-- PROBLEM REQUIREMENTS --
In the listing below, find the line that contains "A lush garden" and the line that contains "BUMZEE Baby Boys". Quote both and every line between them, exactly, and nothing more.
Top of RECORDED DATA
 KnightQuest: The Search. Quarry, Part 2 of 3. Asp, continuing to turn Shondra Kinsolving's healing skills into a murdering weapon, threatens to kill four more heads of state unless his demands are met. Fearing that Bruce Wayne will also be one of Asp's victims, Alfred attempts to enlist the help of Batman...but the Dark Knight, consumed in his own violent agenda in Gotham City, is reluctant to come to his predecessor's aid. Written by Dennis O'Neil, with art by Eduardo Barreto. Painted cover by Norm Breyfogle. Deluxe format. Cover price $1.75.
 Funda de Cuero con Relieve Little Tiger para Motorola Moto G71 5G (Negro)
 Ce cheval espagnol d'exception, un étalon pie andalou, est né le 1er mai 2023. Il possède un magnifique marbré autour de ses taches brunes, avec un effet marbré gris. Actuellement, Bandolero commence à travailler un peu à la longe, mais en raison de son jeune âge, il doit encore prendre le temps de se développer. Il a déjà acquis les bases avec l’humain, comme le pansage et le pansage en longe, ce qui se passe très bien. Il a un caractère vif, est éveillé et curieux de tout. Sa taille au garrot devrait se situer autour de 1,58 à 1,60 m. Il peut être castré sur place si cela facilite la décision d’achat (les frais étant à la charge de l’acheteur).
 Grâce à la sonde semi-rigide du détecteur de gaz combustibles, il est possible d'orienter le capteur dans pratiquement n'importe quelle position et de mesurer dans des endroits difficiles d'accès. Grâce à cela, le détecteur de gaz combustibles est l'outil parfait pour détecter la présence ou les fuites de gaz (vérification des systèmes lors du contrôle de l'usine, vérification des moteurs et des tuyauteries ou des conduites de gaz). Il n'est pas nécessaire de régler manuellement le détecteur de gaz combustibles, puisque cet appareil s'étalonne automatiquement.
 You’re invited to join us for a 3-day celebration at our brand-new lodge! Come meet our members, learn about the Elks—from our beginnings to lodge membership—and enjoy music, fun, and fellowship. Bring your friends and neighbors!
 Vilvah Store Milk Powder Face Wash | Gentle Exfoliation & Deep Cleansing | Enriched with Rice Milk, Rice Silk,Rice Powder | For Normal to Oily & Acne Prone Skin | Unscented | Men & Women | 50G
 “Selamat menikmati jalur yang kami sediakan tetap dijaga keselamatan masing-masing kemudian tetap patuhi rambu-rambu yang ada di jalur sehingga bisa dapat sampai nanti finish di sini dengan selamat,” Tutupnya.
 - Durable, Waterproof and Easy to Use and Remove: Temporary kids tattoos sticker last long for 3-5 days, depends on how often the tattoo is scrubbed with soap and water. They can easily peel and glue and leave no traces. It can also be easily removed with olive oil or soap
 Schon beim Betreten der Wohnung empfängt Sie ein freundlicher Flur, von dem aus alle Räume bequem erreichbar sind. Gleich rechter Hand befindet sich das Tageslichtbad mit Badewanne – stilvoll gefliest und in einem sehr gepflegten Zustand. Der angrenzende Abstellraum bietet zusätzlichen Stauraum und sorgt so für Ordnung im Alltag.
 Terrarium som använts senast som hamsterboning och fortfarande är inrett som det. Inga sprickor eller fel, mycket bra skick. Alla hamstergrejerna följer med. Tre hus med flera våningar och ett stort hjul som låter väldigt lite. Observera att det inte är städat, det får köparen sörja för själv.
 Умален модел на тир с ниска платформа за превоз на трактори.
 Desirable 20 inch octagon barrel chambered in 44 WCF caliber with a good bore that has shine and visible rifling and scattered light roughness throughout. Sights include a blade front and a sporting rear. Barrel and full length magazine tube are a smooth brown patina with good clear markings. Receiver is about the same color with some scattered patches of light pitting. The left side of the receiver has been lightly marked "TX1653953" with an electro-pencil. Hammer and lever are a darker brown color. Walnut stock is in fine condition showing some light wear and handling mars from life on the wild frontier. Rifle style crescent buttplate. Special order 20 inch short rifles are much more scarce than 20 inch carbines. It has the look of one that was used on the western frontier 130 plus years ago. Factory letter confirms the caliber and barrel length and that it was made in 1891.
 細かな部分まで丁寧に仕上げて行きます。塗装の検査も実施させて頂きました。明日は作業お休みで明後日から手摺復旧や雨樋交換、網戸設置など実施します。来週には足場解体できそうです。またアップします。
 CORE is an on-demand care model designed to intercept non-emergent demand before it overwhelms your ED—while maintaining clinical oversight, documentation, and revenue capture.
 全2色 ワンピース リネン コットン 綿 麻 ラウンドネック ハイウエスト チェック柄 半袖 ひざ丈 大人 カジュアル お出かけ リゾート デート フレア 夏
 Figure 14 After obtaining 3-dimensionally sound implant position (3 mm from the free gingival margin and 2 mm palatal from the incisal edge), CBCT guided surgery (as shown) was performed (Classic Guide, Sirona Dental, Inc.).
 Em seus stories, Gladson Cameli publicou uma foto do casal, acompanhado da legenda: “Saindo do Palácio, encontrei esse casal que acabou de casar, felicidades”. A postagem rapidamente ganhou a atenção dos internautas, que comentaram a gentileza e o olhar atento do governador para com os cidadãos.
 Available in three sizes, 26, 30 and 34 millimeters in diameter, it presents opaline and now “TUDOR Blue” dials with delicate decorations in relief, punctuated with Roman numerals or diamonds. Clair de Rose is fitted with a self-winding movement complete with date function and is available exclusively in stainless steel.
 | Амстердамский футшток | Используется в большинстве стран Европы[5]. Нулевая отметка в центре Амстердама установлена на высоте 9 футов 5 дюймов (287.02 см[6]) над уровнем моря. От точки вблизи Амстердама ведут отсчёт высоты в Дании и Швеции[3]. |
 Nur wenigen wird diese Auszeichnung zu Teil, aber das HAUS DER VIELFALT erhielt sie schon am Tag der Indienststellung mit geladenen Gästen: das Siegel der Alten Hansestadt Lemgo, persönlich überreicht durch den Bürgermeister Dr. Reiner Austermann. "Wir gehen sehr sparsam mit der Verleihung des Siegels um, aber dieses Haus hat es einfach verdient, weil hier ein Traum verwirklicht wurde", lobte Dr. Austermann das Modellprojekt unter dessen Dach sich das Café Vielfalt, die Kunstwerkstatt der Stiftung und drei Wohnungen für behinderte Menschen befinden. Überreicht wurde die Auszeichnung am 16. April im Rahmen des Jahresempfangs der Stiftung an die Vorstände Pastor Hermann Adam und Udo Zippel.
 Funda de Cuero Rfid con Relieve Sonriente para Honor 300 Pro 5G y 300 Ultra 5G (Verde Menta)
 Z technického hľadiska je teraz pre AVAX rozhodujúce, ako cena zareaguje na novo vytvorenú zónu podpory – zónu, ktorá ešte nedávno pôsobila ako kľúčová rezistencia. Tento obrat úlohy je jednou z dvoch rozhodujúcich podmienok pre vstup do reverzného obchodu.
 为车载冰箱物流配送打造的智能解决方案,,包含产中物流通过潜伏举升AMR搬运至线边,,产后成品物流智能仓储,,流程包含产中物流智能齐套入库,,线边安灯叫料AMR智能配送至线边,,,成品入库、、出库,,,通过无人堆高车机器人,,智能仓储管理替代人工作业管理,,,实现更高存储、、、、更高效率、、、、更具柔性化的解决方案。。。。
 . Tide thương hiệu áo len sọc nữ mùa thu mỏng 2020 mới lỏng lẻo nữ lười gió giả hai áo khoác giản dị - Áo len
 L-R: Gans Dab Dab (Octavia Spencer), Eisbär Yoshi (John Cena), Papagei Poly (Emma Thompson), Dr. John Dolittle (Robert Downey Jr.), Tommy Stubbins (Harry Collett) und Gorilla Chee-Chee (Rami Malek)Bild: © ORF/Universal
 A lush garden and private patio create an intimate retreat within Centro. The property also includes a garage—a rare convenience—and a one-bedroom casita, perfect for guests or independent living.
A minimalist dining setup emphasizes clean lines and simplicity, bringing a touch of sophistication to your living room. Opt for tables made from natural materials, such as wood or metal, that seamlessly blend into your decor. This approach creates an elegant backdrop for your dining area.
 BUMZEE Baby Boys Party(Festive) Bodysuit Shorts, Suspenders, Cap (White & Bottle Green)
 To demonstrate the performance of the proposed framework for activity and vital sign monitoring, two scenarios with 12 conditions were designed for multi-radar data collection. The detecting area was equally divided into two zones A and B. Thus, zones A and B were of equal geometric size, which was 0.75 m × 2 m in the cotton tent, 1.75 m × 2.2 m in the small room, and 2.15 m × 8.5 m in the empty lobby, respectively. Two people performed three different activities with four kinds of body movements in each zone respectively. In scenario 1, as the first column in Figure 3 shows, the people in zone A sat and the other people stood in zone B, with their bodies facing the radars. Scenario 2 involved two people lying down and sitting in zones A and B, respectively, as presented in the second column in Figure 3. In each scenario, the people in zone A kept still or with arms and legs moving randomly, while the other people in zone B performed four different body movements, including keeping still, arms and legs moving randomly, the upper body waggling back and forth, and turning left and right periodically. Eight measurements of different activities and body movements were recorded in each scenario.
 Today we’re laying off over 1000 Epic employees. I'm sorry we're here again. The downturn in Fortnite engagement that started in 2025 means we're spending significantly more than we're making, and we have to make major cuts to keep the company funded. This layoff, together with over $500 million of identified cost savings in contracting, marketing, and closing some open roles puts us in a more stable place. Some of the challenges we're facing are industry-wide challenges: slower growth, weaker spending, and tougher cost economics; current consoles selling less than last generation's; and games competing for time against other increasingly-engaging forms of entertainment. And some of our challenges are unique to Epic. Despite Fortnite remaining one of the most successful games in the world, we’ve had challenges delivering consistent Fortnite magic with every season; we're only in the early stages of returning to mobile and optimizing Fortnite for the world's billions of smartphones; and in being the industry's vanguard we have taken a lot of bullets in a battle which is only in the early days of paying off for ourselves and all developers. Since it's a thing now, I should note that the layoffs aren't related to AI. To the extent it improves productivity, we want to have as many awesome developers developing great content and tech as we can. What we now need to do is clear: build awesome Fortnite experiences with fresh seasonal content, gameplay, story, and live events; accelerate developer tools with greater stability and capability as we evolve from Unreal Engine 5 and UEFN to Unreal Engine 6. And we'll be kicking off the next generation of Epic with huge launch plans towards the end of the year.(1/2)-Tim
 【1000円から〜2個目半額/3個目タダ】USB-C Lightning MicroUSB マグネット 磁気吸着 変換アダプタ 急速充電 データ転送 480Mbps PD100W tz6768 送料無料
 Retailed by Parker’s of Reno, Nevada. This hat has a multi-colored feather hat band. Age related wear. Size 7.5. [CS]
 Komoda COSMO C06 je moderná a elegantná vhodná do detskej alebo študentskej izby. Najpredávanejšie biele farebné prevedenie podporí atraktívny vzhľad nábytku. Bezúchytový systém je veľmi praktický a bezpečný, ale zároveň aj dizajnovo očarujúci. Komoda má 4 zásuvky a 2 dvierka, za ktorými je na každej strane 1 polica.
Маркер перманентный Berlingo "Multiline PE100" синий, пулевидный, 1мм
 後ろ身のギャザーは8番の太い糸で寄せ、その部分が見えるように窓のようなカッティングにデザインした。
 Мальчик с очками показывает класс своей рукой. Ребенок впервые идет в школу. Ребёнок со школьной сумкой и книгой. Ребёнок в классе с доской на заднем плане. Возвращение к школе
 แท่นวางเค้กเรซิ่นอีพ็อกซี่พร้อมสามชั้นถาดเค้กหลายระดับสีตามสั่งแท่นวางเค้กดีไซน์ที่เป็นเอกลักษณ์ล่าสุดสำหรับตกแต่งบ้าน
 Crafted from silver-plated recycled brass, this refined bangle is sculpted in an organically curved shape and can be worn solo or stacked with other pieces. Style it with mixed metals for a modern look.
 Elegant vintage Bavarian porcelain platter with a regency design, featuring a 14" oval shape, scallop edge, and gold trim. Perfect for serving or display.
Bottom of RECORDED DATA
-- RESPONSE --
 A lush garden and private patio create an intimate retreat within Centro. The property also includes a garage—a rare convenience—and a one-bedroom casita, perfect for guests or independent living.
A minimalist dining setup emphasizes clean lines and simplicity, bringing a touch of sophistication to your living room. Opt for tables made from natural materials, such as wood or metal, that seamlessly blend into your decor. This approach creates an elegant backdrop for your dining area.
 BUMZEE Baby Boys Party(Festive) Bodysuit Shorts, Suspenders, Cap (White & Bottle Green)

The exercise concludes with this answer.